The 42mil has been received, apart from 3.7mil as updated in last fin report listed on their website www.nexbis.com.au . Peter Dykes can be contacted at their Sydney Office. However they do not have a direct Investor Relations person and the Directors do not wish to use their time on small investors.

I think that Peter Dykes as financial Controller\CO and another senior Director purchasing large 'On market' stakes in the company speaks volumes for their confidence in the future of the company. They have exciseable targets for Directors in 2010 between 75c to $1.50. A huge increase on the current price of 34c.

At a PE of less than 3 times current profit on current contracts it looks like a bargain. Naturally i agree that the company NEEDS a dedicated Investment Relations Officer and their mindset is currently to focus on sales, as opposed to investors.

They will pay a dividend of half their NAT from next year. Their revenues have increased 4-5 times from 2008 to 09. Due to primarily their Nexcode security solution for governments. In particular for Malay and Chinese governments. Nexcode being their primary revenue earner. Without the Nexcode solution (Government security, document ID, etc) and has just secured the sales with Malay and China. Yet their investment in the Nexcode solutions looks to have paid off bigtime. As this technology has already paid for itself 2 fold with what looks like a lot more opportunity for sales in the future.

In terms of bricks and mortar business you may drop into L40, 100 Miller St, Nth Sydney to view local operations. As an investor it looks to be a very undervalued stock. 

I hope they can be more transparent through an Investor Relations Officer in the future.
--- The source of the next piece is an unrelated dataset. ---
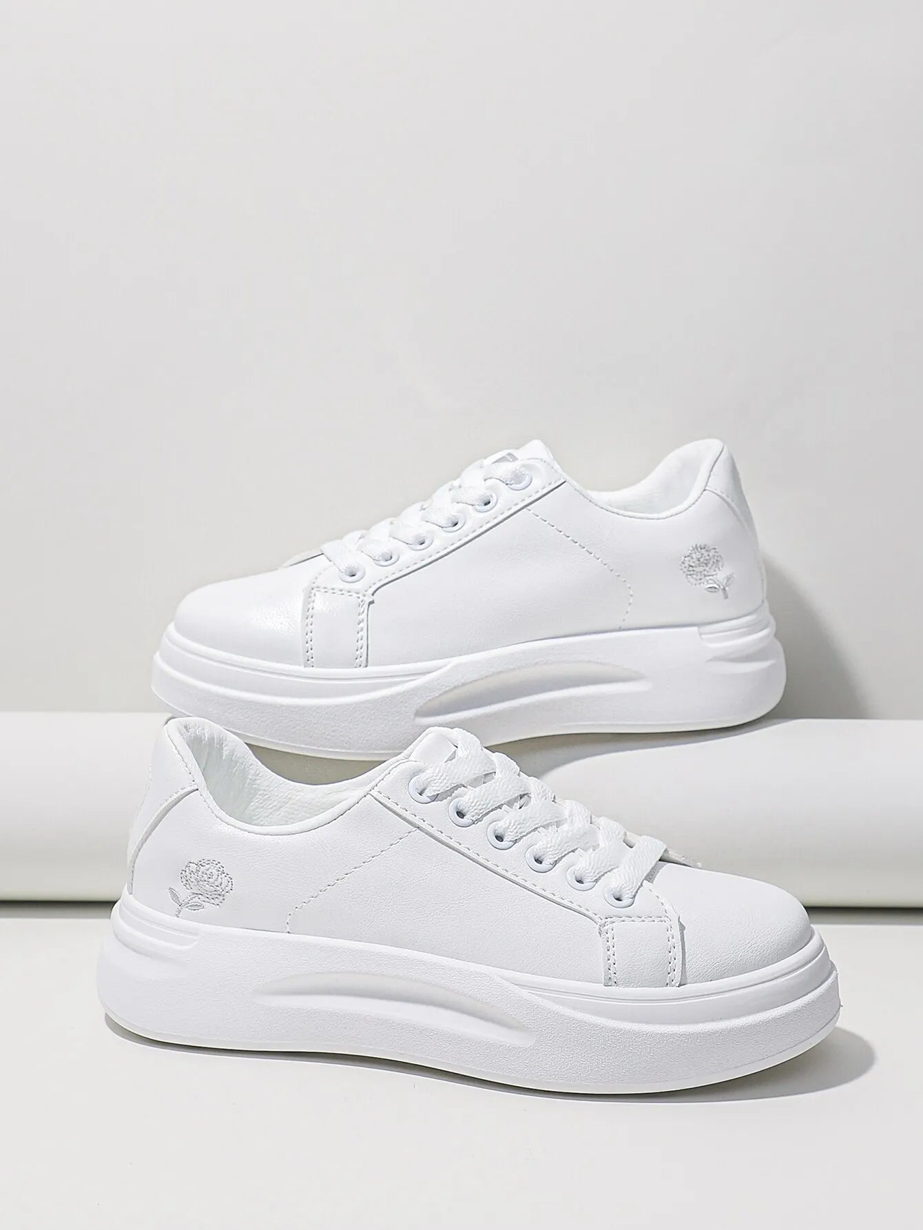 Stylische Damen-Sneaker zum Schnüren, weiß, mit Blumenmuster bestickt

Keep stock holders more up to date on contract sales and advancements. 

Even if they do not grow in sales from current levels (Which I doubt as they have only just got their foot in the door) they would be good value at anything below 10 times value for a small cap company. They are currently trading at under 3 times. More transparancy will accelerate this stock, even if no more sales were made from current levels. Combined with dividend payments may turbo boost this stock in my view. 

I totally agree that it can be annoying to try and contact them as an investor at times and this culture needs to change if they are to be priced at fair market value. Hopefully the NEW Directors will prove to change this culture. Peter Dykes, the Director and CFO in the Sydney office is a pain in the neck to offer transparency. I was hoping they were to replace him when he got into trouble with the police, as another Director did state if he was convicted. He was convicted yet I gather they feel it was not serious enough for him to lose his job. A new and more transparent in nature CFO would be great for investors. Some Directors just get set in their ways and the less transparent they are the lower the price of the stock.


----------



## Ozymandias (22 October 2009)

jayinoz said:


> The 42mil has been received, apart from 3.7mil as updated in last fin report listed on their website www.nexbis.com.au . Peter Dykes can be contacted at their Sydney Office. However they do not have a direct Investor Relations person and the Directors do not wish to use their time on small investors.
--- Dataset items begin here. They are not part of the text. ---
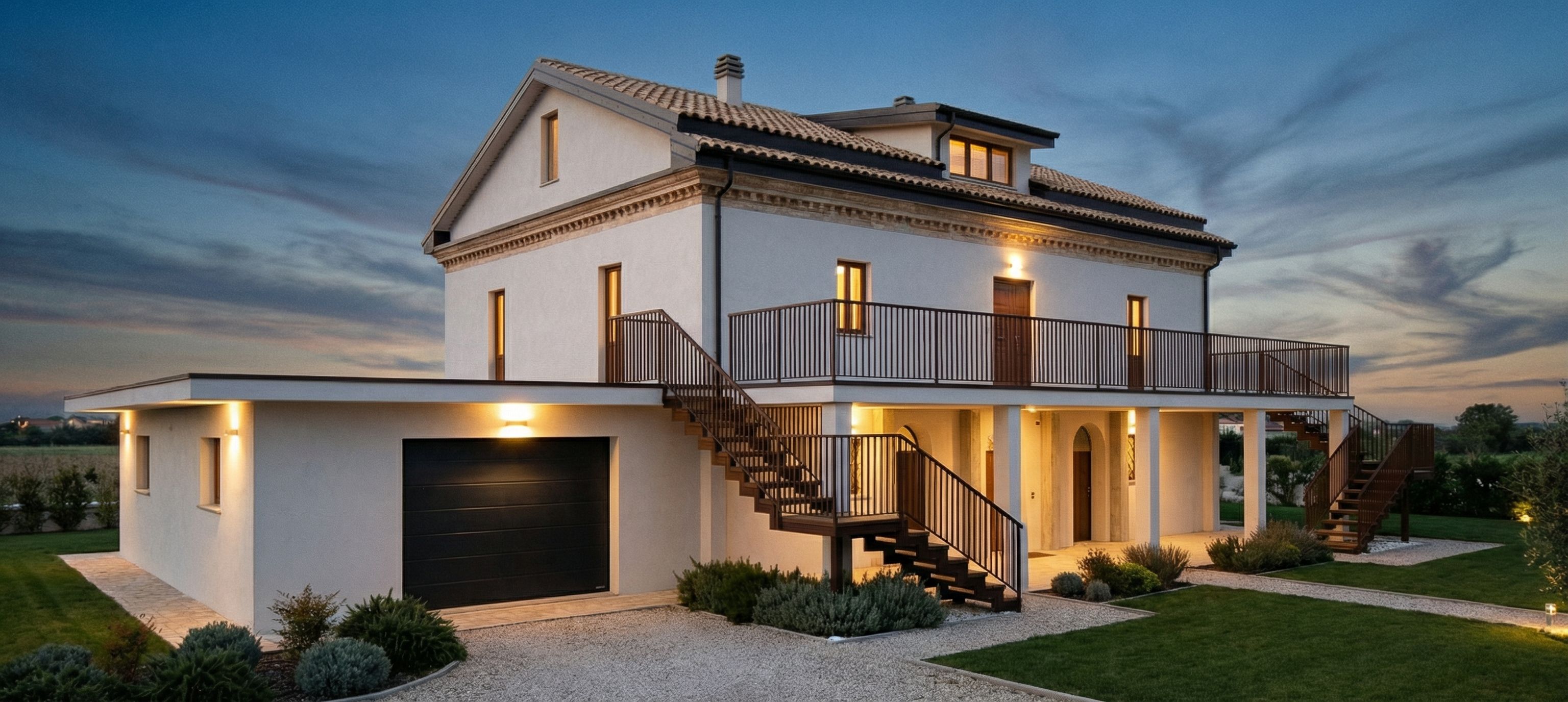 create a new image starting from base image; use the same materials as the reference image1; add dark brown metal railings to the stairs and first-floor terrace., keep exact camera angle
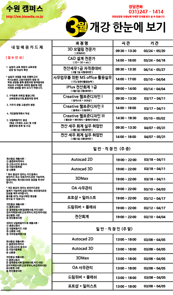 3월 개강 한눈에 보기
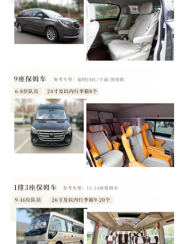 9-16位队员乘坐15-24座2+1保姆车;

Can you provide a direct link to that finanical report, or the page that it can be downloaded from? I can't find it and the last financial info offered up through ASX was the annual report...

Disclosure: I am now a holder, in the red a bit.


----------



## melbournedee (22 October 2009)

Ozymandias said:


> Can you provide a direct link to that finanical report, or the page that it can be downloaded from? I can't find it and the last financial info offered up through ASX was the annual report...
> 
> Disclosure: I am now a holder, in the red a bit.




I think the annual report is the latest info available. The figure of $3.7 million that jayinoz is referring to is in Note 12 in the accounts. This refers to $3.7 million being overdue by up to 3 months but no impaired at balance date. However, the total receivable figure is still $42 million, there is no subsequent event mentioned in the Director's report relating to significant cash receipt since balance date.

On October 2nd, Nexbis responded to the ASX's question relating to share price movement and specifically said that they would not be providing cash updates. In this case, I can't see that no news is good news.

The earnings reported for 2008/2009 basically entirely depends on $42 million being collected in full. Its now nearly 4 months since balance date and if there are still issues in recouping this amount, I won't be buying back in at any price.


----------



## jayinoz (23 October 2009)

melbournedee said:


> The earnings reported for 2008/2009 basically entirely depends on $42 million being collected in full. Its now nearly 4 months since balance date and if there are still issues in recouping this amount, I won't be buying back in at any price.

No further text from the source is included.